School anti-bullying programs are a good start to eradicating the problem.

There’s something very heartening about 100 White Rock Elementary students being sworn in last month as ‘special constables’ pledged to tackle the problem of bullying.

The WITS anti-bullying program, which White Rock Const. Janelle Shoihet has taught at the school for the past three years, is of undeniable value. It catches children at a young, and still impressionable, age. It’s possible to nip some incipient behaviours in the bud, and, even more importantly, plants the seeds of a bigger idea – that bullying is unacceptable in our society.

If only that were all it would take to eradicate the problem. But such initiatives won’t have nearly as much effect if parents and their peers don’t do their part, too.

It’s been pointed out that those who bully are, very often, those who have been bullied themselves at some point. What is often forgotten is that at the heart of bullying behaviour lies not strength, but fear.

Bullies tend to be very self-revealing. In picking on others they expose their own fears and insecurities – their all-consuming dread of being seen as an outsider, as being different – and, consequently, being judged ‘a loser.’

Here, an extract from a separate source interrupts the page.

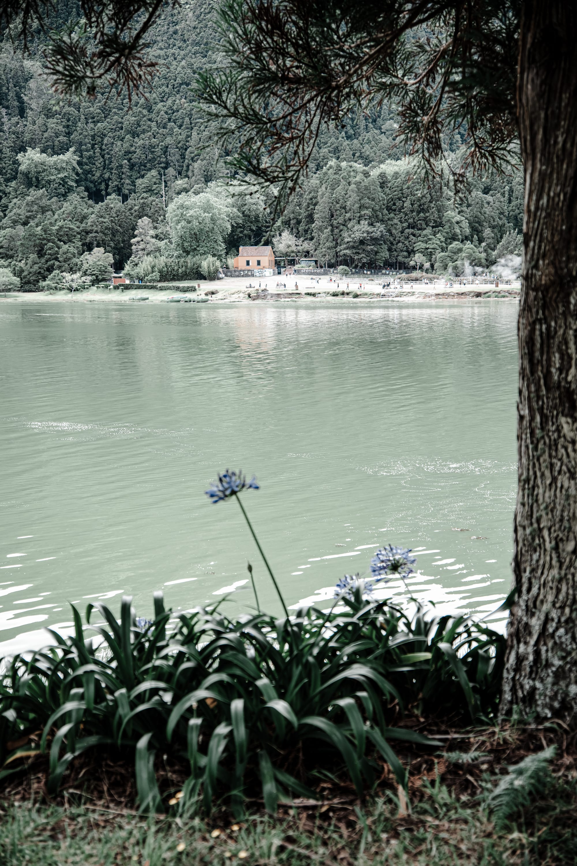 The lake surface stays mostly still. It’s pale, milky green, occasionally streaked with darker patches of wind. Along the shoreline, purple agapanthus and stone pines frame views across the water. Ducks move quietly in single file, threading lines through reflection.

It’s a dreadful cycle we see played out endlessly – not just on school playgrounds, but in workplaces and social situations of adulthood. In such contexts whispers, smirks and guffaws at perceived differences are clearly not the domain of children alone.

And how many adults, consciously or unconsciously, pass on to their children a ‘dog-eat-dog, survival-of-the-fittest’ mentality?

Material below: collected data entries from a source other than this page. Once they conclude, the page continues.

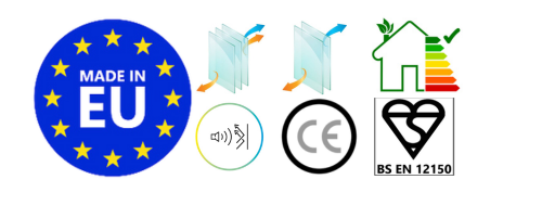 VEILIGHEID EN ISOLATIE: Gemaakt van 6 mm gehard veiligheidsglas, met een U-waarde van 1,2 w/m² en gevuld met Argon Gas voor superieure isolatie. Voldoet aan BSEN1279-normen.
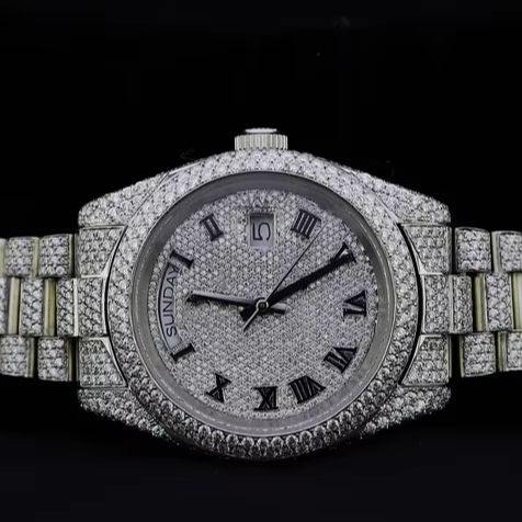Solid 925 Sterling Silver Watch Fully Iced Out Watch Bust Down Hip Hop Diamond Watch For Men's Fashion
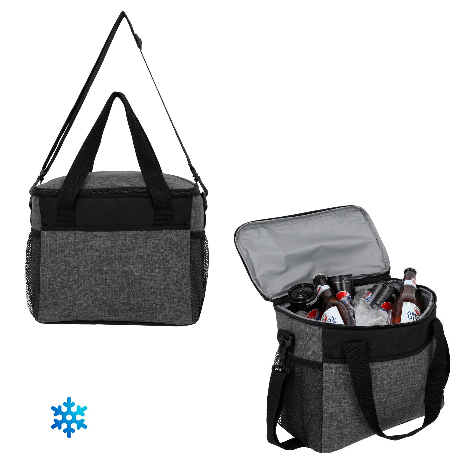 hielera rectangular con interior impermeable plastificado con cierre, 2 asas, 2 mallas laterales, compartimento frontal y correa ajustable.

How many businesses foster the notion that, to be a success, you must be ‘tougher’ and ‘meaner’ than everyone else? That to be effective you must do it to the other guy before he does it to you?

How many parents browbeat their children into an elbows-out, ignore-the-rules attitude, either in the playing of sport or in the conduct of their lives, in the belief that this will ‘toughen them up’ and make them less prone to victimization?

How many of us have seen accepted notions of civil behaviour crumble in the face of unwarranted self-entitlement – drivers who tailgate, or block access to parking stalls or gasoline pumps, for example, or people who jump queues and elbow others aside?

Maybe it’s the adults who should be taking a few more oaths to tackle bullying – or, at the very least, a good long look in the mirror.